No Habla English, No Job

Ellena Arroyo

Businesses have no problem bridging the language gap when it comes to serving customers of varying language backgrounds and communities. When it comes to hiring practices however, it seems that there is sometimes a tendency to turn down prospective employees based on their native tongue or accented English. These kinds of practices are illegal and employees are protected under the law from discrimination based on their language or accent.
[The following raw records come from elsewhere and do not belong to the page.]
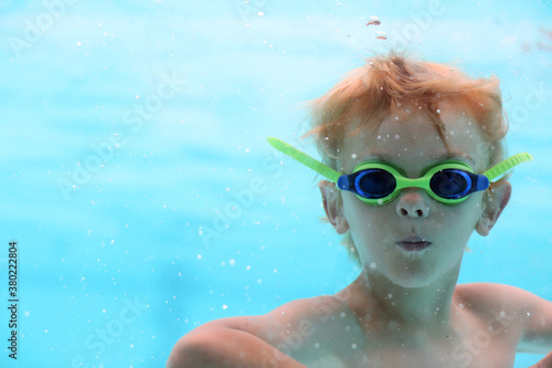 A Blonde Boy Swimming Underwater Wearing Goggles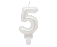 #SC6 Świeczka B&C cyferka 5, perłowa biała, 7 cm KK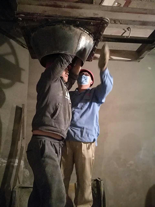 本次技改工作時間緊、任務重,動力車間梁學文主任接到任務后,不等不靠,立即組織人員分兩組同時進行設備改造。拆卸皮帶秤、焊裝下料口、吊裝絞刀、順接線路,在梁主任的帶領下,動力車間的員工分工明確、組織有序,僅用一天半的時間順利完成了8根絞刀的更換安裝工作,并在16日下午進行了調(diào)試標稱,確保了φ3.8m磨的順利開機運行。
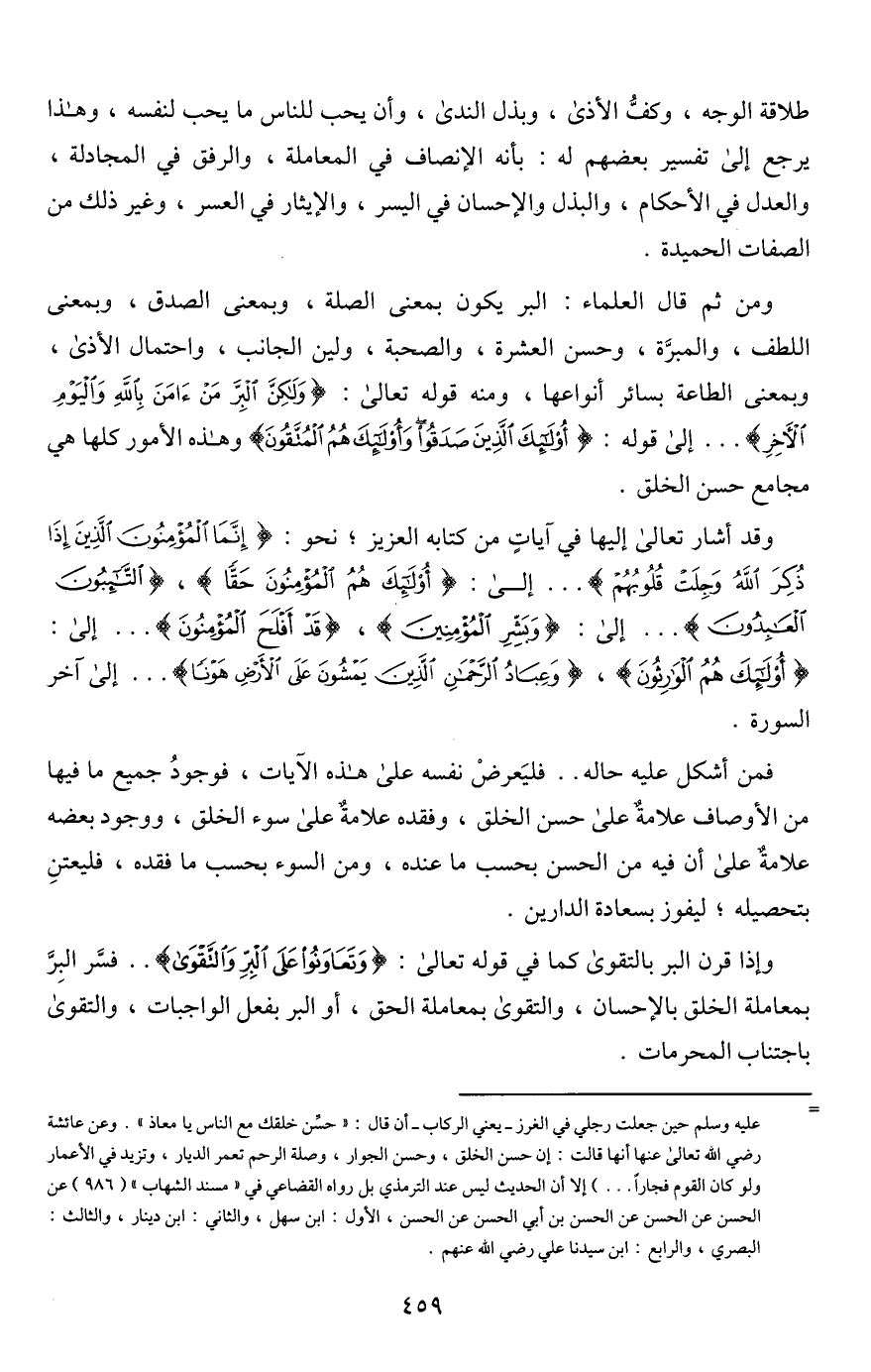 ومن ثم قال العلماء: البر يكون بمعنى الصلة، وبمعنى الصدق، وبمعنى اللطف، والمبرَّة، وحسن العشرة، والصحبة، ولين الجانب، واحتمال الأذى، وبمعنى الطاعة بسائر أنواعها، ومنه قوله تعالى: {وَلَكِنَّ الْبِرَّ مَنْ آمَنَ بِاللَّهِ وَالْيَوْمِ الْآخِرِ}. . . إلى قوله: {أُولَئِكَ الَّذِينَ صَدَقُوا وَأُولَئِكَ هُمُ الْمُتَّقُونَ} وهذه الأمور كلها هي مجامع حسن الخلق.

“This is America, so speak American.” As confusing as that statement may be, many well meaning patriots believe that the United States only have room for one language, English. The reality of this country is that there are large communities of varying cultures that speak several languages and dialects. Though assimilation to American culture is a big part of any immigrant’s process, preserving their native culture and language is equally critical to maintaining a diverse society.

The law

The Equal Employment Opportunities Commission protects individuals from being discriminated against in the workplace because of their native language or other characteristics of speech, such as accent. Such discrimination can take the form of a “speak-English-only” policy in which employees are forbidden from speaking any language other than English at work and even during breaks.

Hiring practices

Language discrimination can also occur during the hiring process. An interviewing employer might turn down an interviewee who speaks fluent English stating they are not suitable for the position because they speak with a Spanish accent. Meanwhile another employee who speaks with a British accent is interviewed for the position. This is another example of language discrimination.

The Numbers

The Civil Rights Act of 1964 prohibits discrimination based on national origin. A survey done by the General Accounting Office of the United States found that job applicants who speak English with an accent were treated unfairly 31% more times than unaccented applicants. Another study conducted at the University of North Texas found that Human Resource Executives were more prone to placing U.S. speakers with strong regional accents in lower paying positions regardless of education level or experience. Participants asserted that the most displeasing accents were ones with a southern drawl or New Jersey.